Project Name: Understanding Regulation of P-Rex1, an Enhancer of Metastatic Potential

 

One trademark of cancer is the ability of tumor cells to move to a remote site in the body and form another tumor in a process called metastasis. Cancer metastasis is a critical problem in cancer patients, as it causes the majority of cancer deaths. Currently, most anti-cancer drugs only work to inhibit cancer growth. Therefore, there is an important unmet need for therapeutics that inhibit the ability of cancer to metastasize. One molecule strongly linked to cancer progression and metastasis is the enzyme P-Rex1. Increased levels of P-Rex1 are associated with poor patient outcome in breast cancer and have been shown to facilitate metastasis of melanoma and prostate cancer cells. Therefore, P-Rex1 is an attractive target for the development of anti-metastasis drugs. However, the structure and the molecular basis for regulation of this enzyme by signaling lipids and cell surface receptors are not understood. Knowledge of these features will enable our long-term goal of developing selective chemical probes that could ultimately serve as therapeutic leads targeting P-Rex1.

 

Towards this goal, we have been using a technique called X-ray crystallography to determine atomic structures of fragments of P-Rex1 that reveal how certain molecules interact with it and increase its activity. In this proposal, we will fully describe the molecular details of how key regulators bind to the enzyme. These sites of interaction are "hotspots" that can be targeted by small molecule inhibitors with the goal of thwarting the ability of P-Rex1 to promote cell migration and thus suppressing cancer metastasis.

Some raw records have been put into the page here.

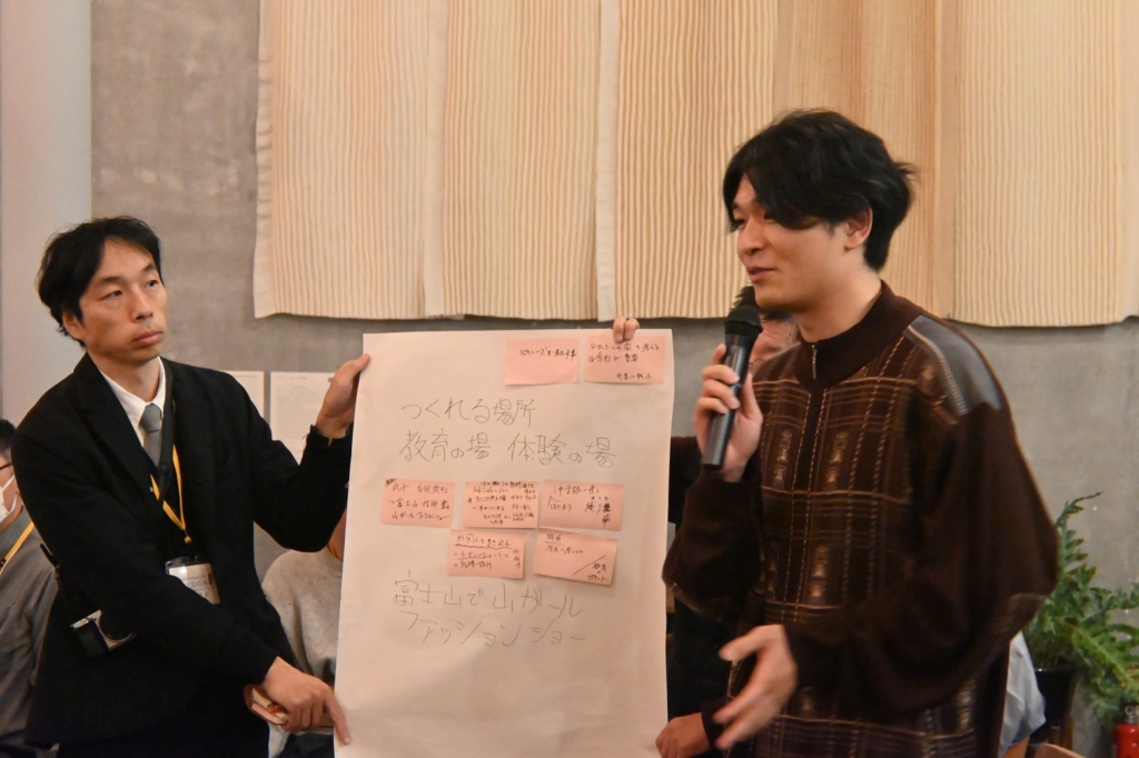 2つのパネルディスカッションを終え、最後に会場で参加した全員でおこなったワークショップでは、自由な発想が次々と飛び出しました。テーマは「こんなことを富士吉田で実現できたらいいんじゃないか」。山梨県デザインディレクターの林千晶による進行の下、4〜5人で構成したチームごとにアイデアを書き出し、配られた模造紙に付箋を貼り付けながら個々の考えをひとつにまとめていきました。参加者それぞれの専門性や得意とする領域から提示された案はどれも現実的で、これからの富士吉田の発展をさらに期待するものばかりです。ここでは全8チームによるプレゼンテーションの様子を振り返ります。
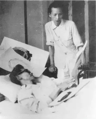 1950年,带病工作的林徽因(左)
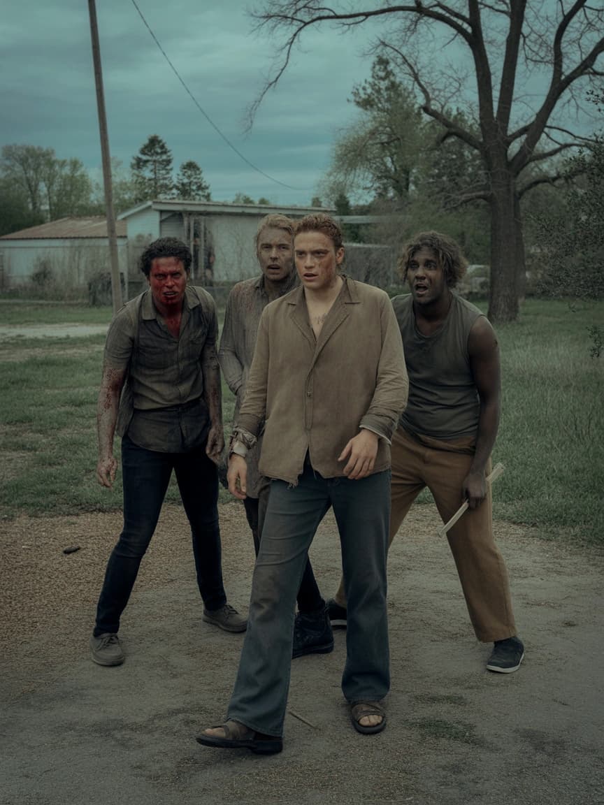 A group of disheveled figures, some bloodied and wielding makeshift weapons, stand on a desolate road under a forebod...
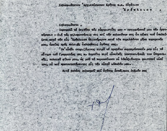 Ευχαριστίες για υποδοχή του στην Κρήτη, σύσταση προσώπου
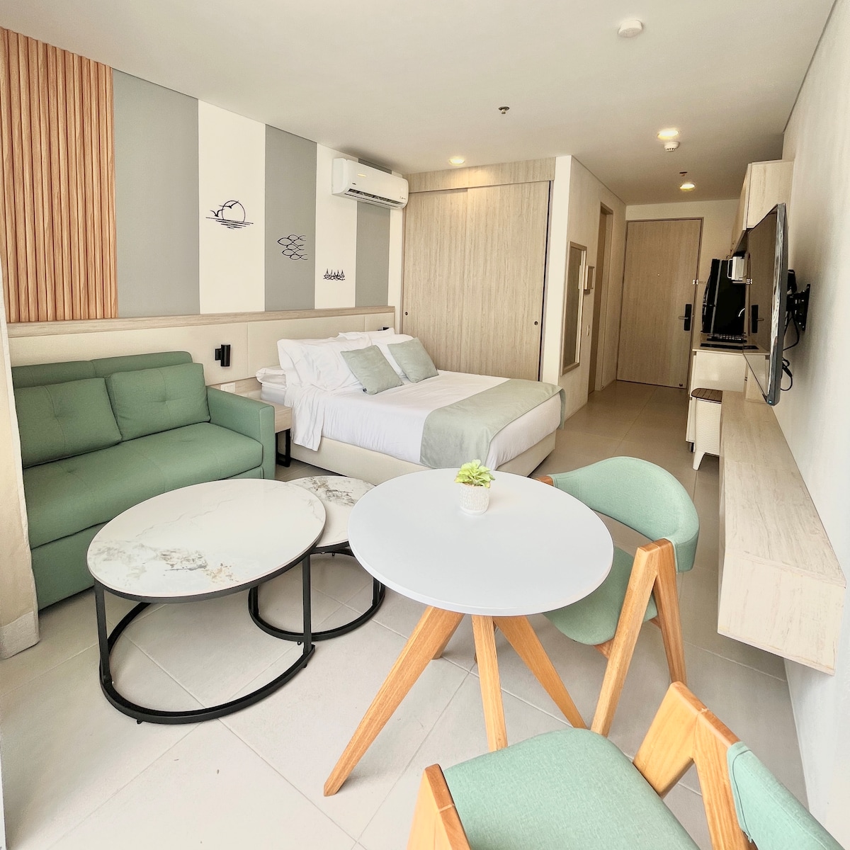 Departamento a 5 minutos del Aeropuerto Internacional Simón Bolívar, en edificio nuevo con dos ascensores, amplia zona de recepción. Hace parte del Condominio Resort COSTAZUL a donde queda el GHL Relax Hotel Costa Azul. Acceso directo al mar. Los huéspedes pueden hacer uso de todas las instalaciones del Resort, tales como piscinas, yacusis, restaurante, parque infantil, Gimnasio, sauna , entre otros .

Summer 2018 Update from Dr. Cash: I am presently working on structural and biochemical studies of the metastatic protein P-Rex1 towards understanding how this protein is regulated in the body, particularly in cancer metastasis, which is the project that I was working on while funded by MCRF. Since our 2016 publication on this work in the journal Structure, we have made substantial breakthroughs on this project and will submit multiple manuscripts for publication within the next year. I am currently a research investigator at the University of Michigan in the labs of John Tesmer and Michael Cianfrocco where I am learning an exciting new technique called cryo-electron microscopy in order to address bigger picture questions on this project. Our labs just recently received an NIH R01 to continue this work. Right now, I am on the job market for a faculty position to start up my own lab, where I will be taking this project with me as well as pursuing other related projects focusing on cancer-implicated proteins and understanding regulation of their functions in the body. Having something as prestigious as an ACS-MCRF postdoctoral fellowship on my record has been very helpful in applying for these positions.

 

Summer 2019 Update from Dr. Jennifer Cash: Dr. Cash is currently a Research Investigator at the University of Michigan Life Sciences Institute and is applying for faculty positions at research intensive universities where she plans to oversee research focusing on cancer-implicated proteins and understanding regulation of their functions in the body. Over the past year, she has made significant progress toward understanding how the metastatic proteins P-Rex1 and P-Rex2 are regulated in the body. Her team has determined how a key regulator called PIP3 binds to P-Rex2 to turn on P-Rex2 activity, work that is complementary to our previous studies on P-Rex1. They have also gone on to determine the three-dimensional configuration of P-Rex1 bound to another important regulator protein called G beta gamma, leading to insights into how this binding activates P-Rex1. This work is currently under consideration for publication. These studies have been presented at several local and regional conferences over the past year, including at the large Experimental Biology meeting this spring in Orlando. At this conference, Dr. Cash’s poster presentation received a Blue Ribbon Pick from the American Society for Pharmacology and Experimental Therapeutics. The work of Dr. Cash’s team is now funded through an NIH R01 grant. Data generated during her time funded by the ACS/MCRF was critical in receiving this grant.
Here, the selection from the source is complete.